Required action: Set down, word for word, every line of the material below from the one containing "Chegamos na estação" through the one containing "Early 00's Impaq", but none of its pictures.

Provided material:
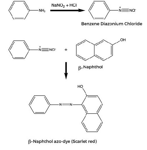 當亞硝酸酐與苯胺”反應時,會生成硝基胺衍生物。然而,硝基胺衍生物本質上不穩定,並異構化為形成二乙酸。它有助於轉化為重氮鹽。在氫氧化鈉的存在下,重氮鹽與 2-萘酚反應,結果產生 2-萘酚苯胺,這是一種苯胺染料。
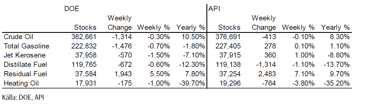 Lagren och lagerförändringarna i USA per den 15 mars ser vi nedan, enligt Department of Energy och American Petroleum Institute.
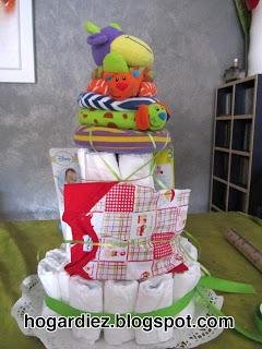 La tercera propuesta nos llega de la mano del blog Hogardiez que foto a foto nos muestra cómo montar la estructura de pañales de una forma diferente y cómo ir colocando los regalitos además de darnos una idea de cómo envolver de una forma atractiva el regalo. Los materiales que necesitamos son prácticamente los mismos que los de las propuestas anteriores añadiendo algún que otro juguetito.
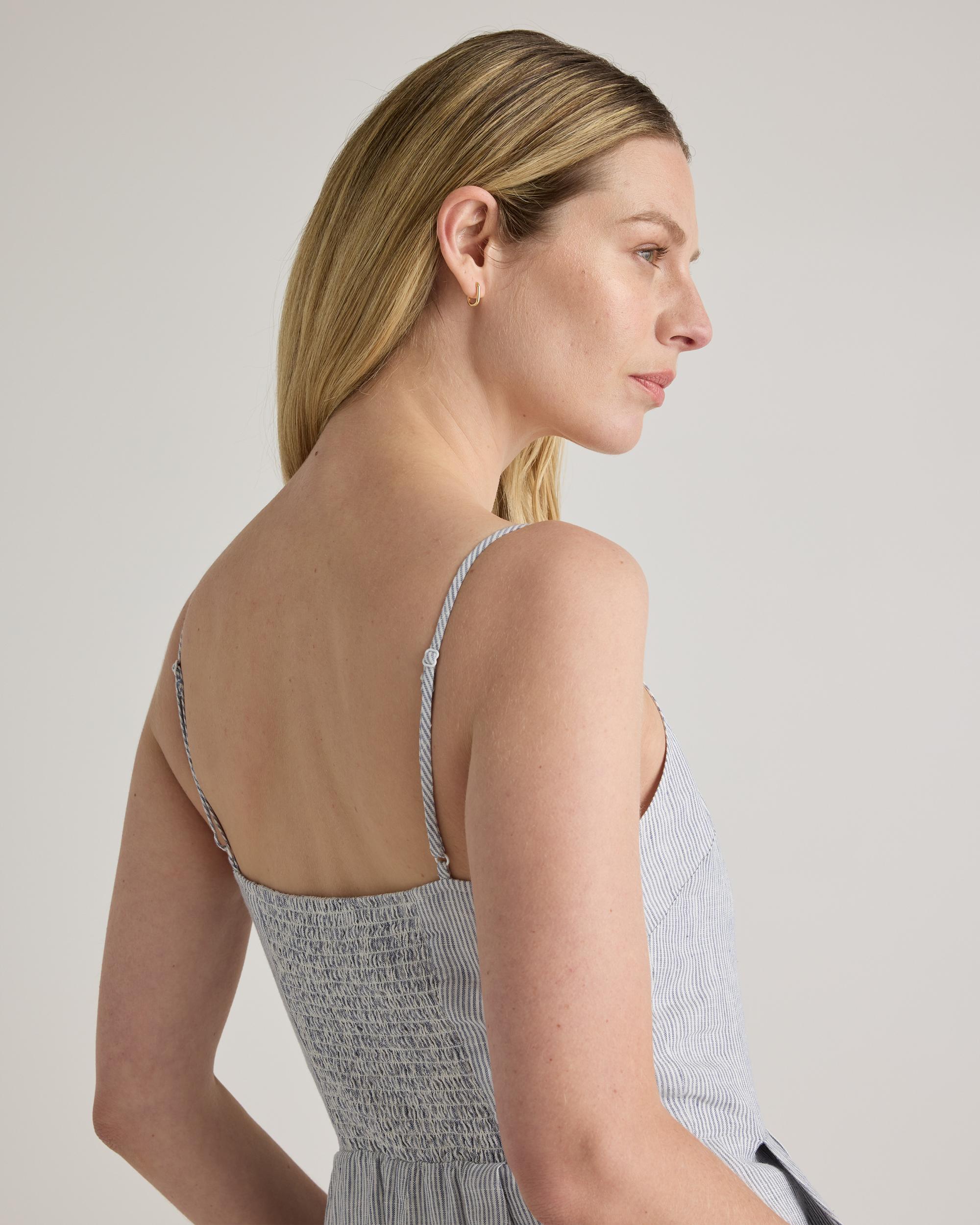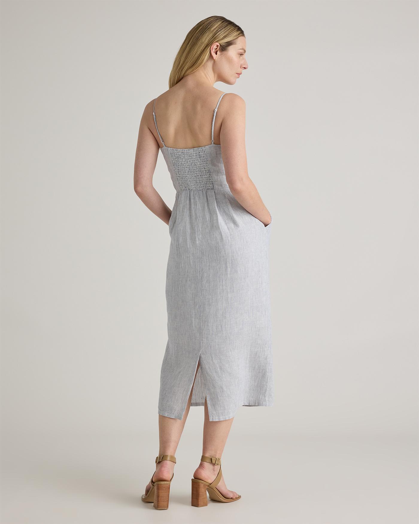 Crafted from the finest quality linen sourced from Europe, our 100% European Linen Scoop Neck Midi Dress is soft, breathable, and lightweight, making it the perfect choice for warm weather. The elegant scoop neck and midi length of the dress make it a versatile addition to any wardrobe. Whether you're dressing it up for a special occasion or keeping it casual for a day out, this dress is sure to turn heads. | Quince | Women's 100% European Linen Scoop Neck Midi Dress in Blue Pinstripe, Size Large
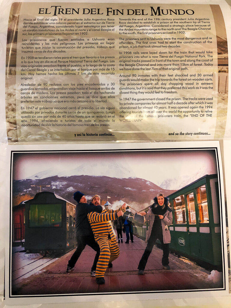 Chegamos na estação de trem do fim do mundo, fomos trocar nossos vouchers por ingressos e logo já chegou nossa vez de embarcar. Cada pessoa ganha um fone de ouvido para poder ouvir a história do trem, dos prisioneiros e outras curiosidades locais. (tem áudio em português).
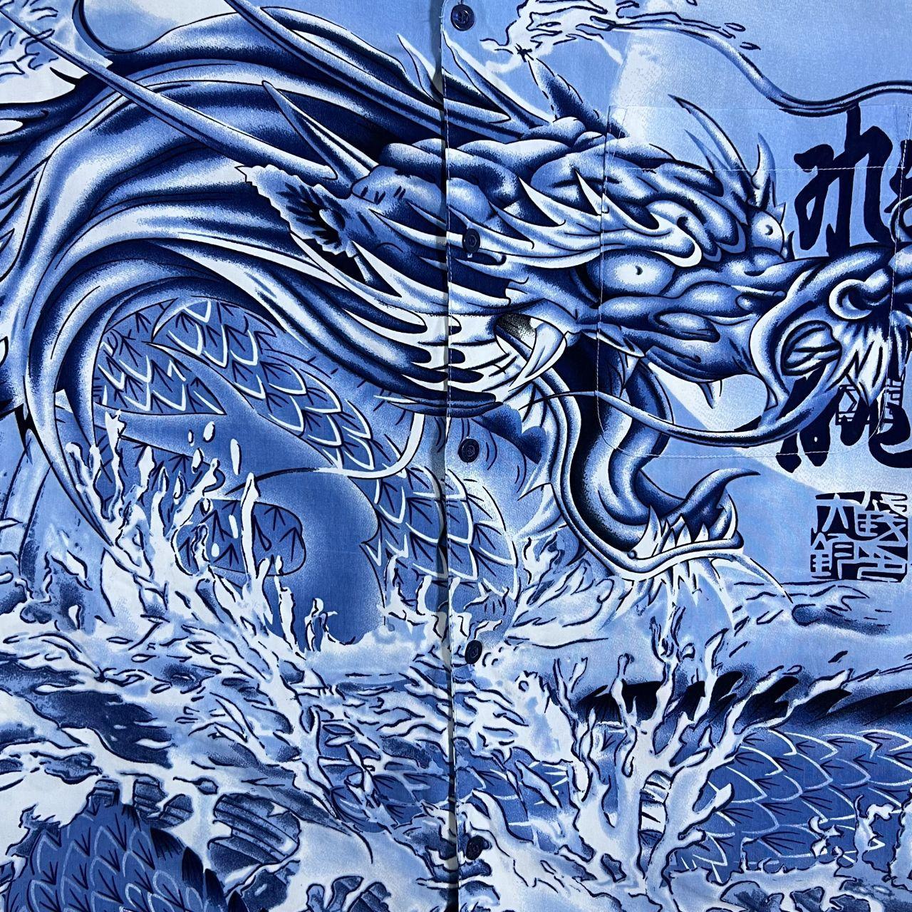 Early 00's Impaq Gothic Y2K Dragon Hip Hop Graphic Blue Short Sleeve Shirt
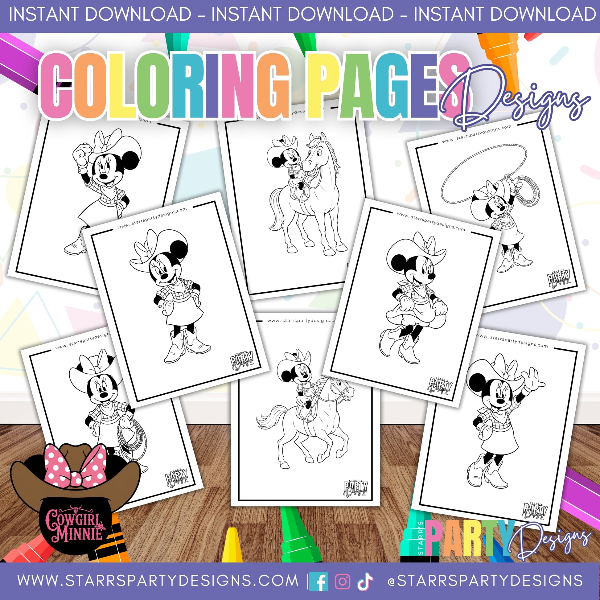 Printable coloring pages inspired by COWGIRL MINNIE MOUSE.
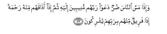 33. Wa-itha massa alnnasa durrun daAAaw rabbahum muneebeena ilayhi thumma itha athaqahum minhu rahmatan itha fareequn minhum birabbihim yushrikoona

Answer below:
 Chegamos na estação de trem do fim do mundo, fomos trocar nossos vouchers por ingressos e logo já chegou nossa vez de embarcar. Cada pessoa ganha um fone de ouvido para poder ouvir a história do trem, dos prisioneiros e outras curiosidades locais. (tem áudio em português).
 Early 00's Impaq Gothic Y2K Dragon Hip Hop Graphic Blue Short Sleeve Shirt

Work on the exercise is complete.